The OC Spearos would like to thank all the competitors and spectators who came out to support the 2017 OC Classic Spearfishing Tournament & Raffle. We’d also like to thank our Amazing sponsors, especially Petros & Spear America for always supporting the Spearfishing community.
The OC Classic was the largest Spearfishing Tournament in Southern California history with 121 spearos competing to become Tournament Champion and over 300 hundred people in attendance for the weigh-in and raffle.
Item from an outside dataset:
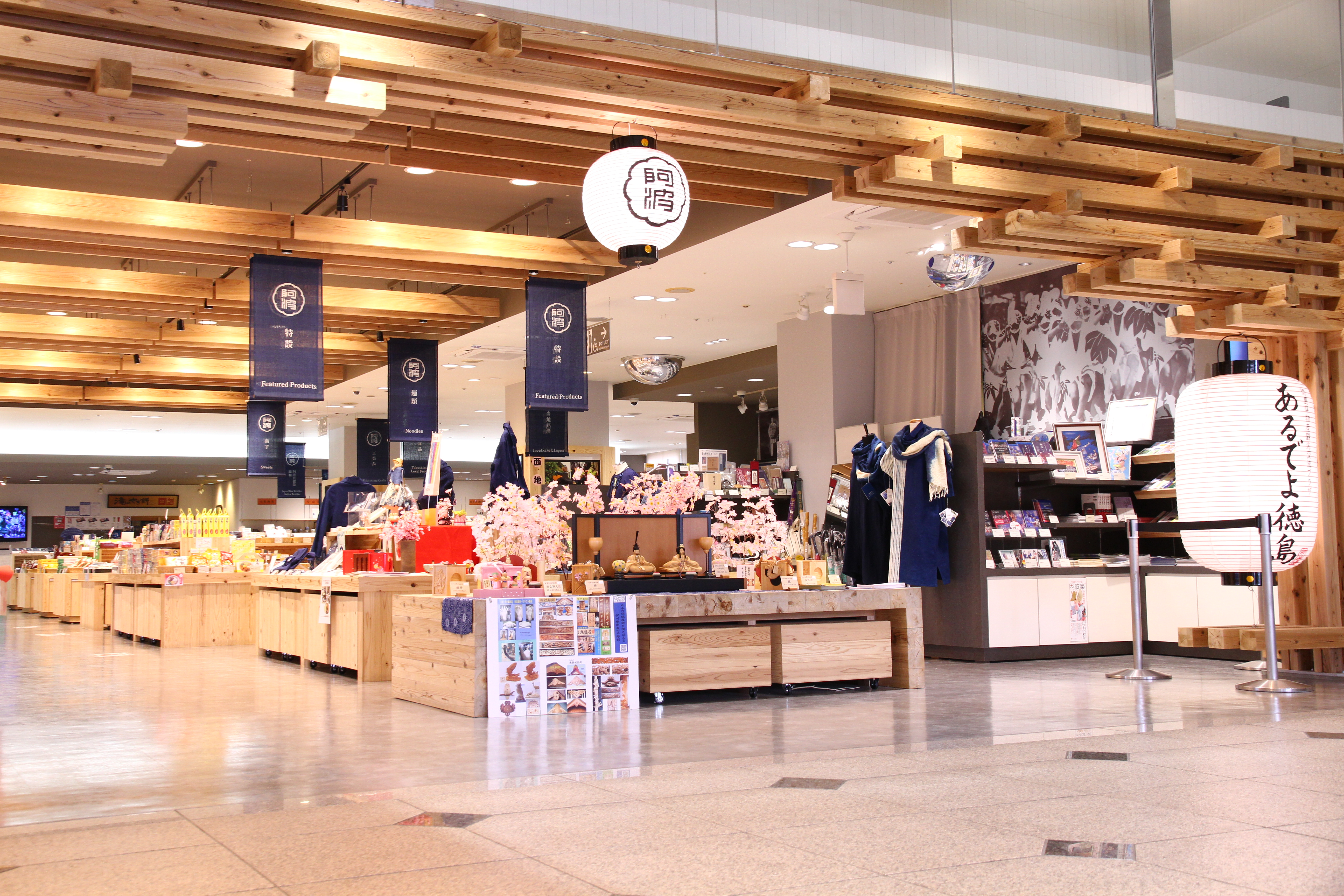 徳島市のランドマーク眉山のふもとの『阿波おどり会館』内にある『あるでよ徳島』。「あるでよ」とは「ありますよ」という意味の方言で、その名のとおり徳島銘菓やすだちや鳴門わかめなど徳島の特産品・お土産が一堂に揃えています。大谷焼や阿波藍などといった工芸品もお土産にもってこいです。季節に応じた企画展や市町村の観光情報など“徳島を楽しむ”がいっぱい詰まったスポットです。

Congratulations to our top 5 competitors for succeeding in such a huge field of competitors & varying conditions!
1st: Austin Derry
2nd: Lauren Renteria
3rd: Paul Romanowski
4th: Ren Trinh
5th: Darvil McBride
By: Myrran McKeen
The 2017 OC Classic was our most successful tournament ever. We had a tremendous amount of support from our sponsors and had a huge showing in the number of competitors that entered the event. While other tournaments this year have had a relatively small showing the success of our event is telling me we are doing something right down here in Orange County Ca. It’s been a real pleasure to be the president of this fine club and I get a sense of satisfaction from the success, especially after the huge effort our board members made to make this event stand out. I am very proud of the team we have assembled and they have shown that they can do big things with very limited resources. Over the past years I have seen the OC Spearos begin to transform from a motley crew of spearing buddies scratching a clawing to get sponsors to the largest spearfishing club on the west coast. We plan to continue our efforts to provide a platform where our local divers can continue to grow in this sport. Long live the OC Spearos!
Austin: 1st Place
2017 OC CLASSIC
by Austin Derry
Tough hunting was an understatement. Current reports on the offshore scene were bleak, SCI and Catalina hadn’t been producing properly, and coastal reports of fish and visibility were poor. I made the decision to head towards the Coronado Islands where I was fairly confident I could take down a solid 3 fish stringer. With a 3:30am wakeup, I packed up my truck and made the trek from Laguna Beach down to San Diego, hopefully being on the water around first light. I was able to have my buddy Max caddy me around all day on his 39’ contender as we quickly ran down to the zone. Arriving at my first spot, water temp around 70F, visibility was in the 100 foot range, however current was non-existent. With lack of current I immediately knew it would be challenging to find the yellowtail, bonita, or bluefin which had been prevalent in this area the previous few weeks upon which I had placed my strategy. I began making drops in the 70-80 foot range and aspetto diving on the bottom with the hopes of a lone home guard yellowtail or perhaps a nice 20lb+ sheepshead would come in. After around an hour at this spot with zero sightings of any contending fish I began scrambling around the islands, hitting many of the spots I was confident would be holding. Most of the diving throughout the day was on the deeper high spots where yellowtail and large sheepshead liked to hang out. A couple of reefs had bait stacked up nicely however it was an absolute ghost town in regards to gamefish. Jumping from spot to spot, covering all sides of the islands, time was winding down. I made the decision to leave the islands and head inshore for a potential goat or halibut.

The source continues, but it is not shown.